_Source data_.
____
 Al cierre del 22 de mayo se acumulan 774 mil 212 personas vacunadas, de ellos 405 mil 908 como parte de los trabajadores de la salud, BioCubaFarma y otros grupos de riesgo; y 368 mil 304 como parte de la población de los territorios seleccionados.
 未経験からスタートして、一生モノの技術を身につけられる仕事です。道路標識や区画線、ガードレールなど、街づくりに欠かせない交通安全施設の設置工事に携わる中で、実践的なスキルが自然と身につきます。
____
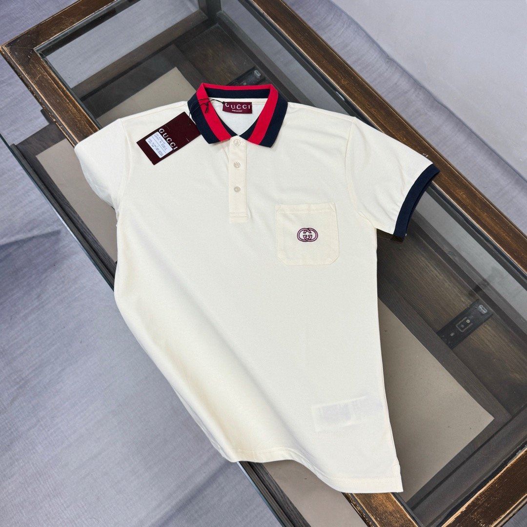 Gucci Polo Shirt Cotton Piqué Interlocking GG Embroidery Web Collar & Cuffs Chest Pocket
____
Please copy, exactly and with nothing else, the lines above beginning at the line that has "Al cierre del" and ending with the line that has "未経験からスタートして、一生".

_Answer section_.
 Al cierre del 22 de mayo se acumulan 774 mil 212 personas vacunadas, de ellos 405 mil 908 como parte de los trabajadores de la salud, BioCubaFarma y otros grupos de riesgo; y 368 mil 304 como parte de la población de los territorios seleccionados.
 未経験からスタートして、一生モノの技術を身につけられる仕事です。道路標識や区画線、ガードレールなど、街づくりに欠かせない交通安全施設の設置工事に携わる中で、実践的なスキルが自然と身につきます。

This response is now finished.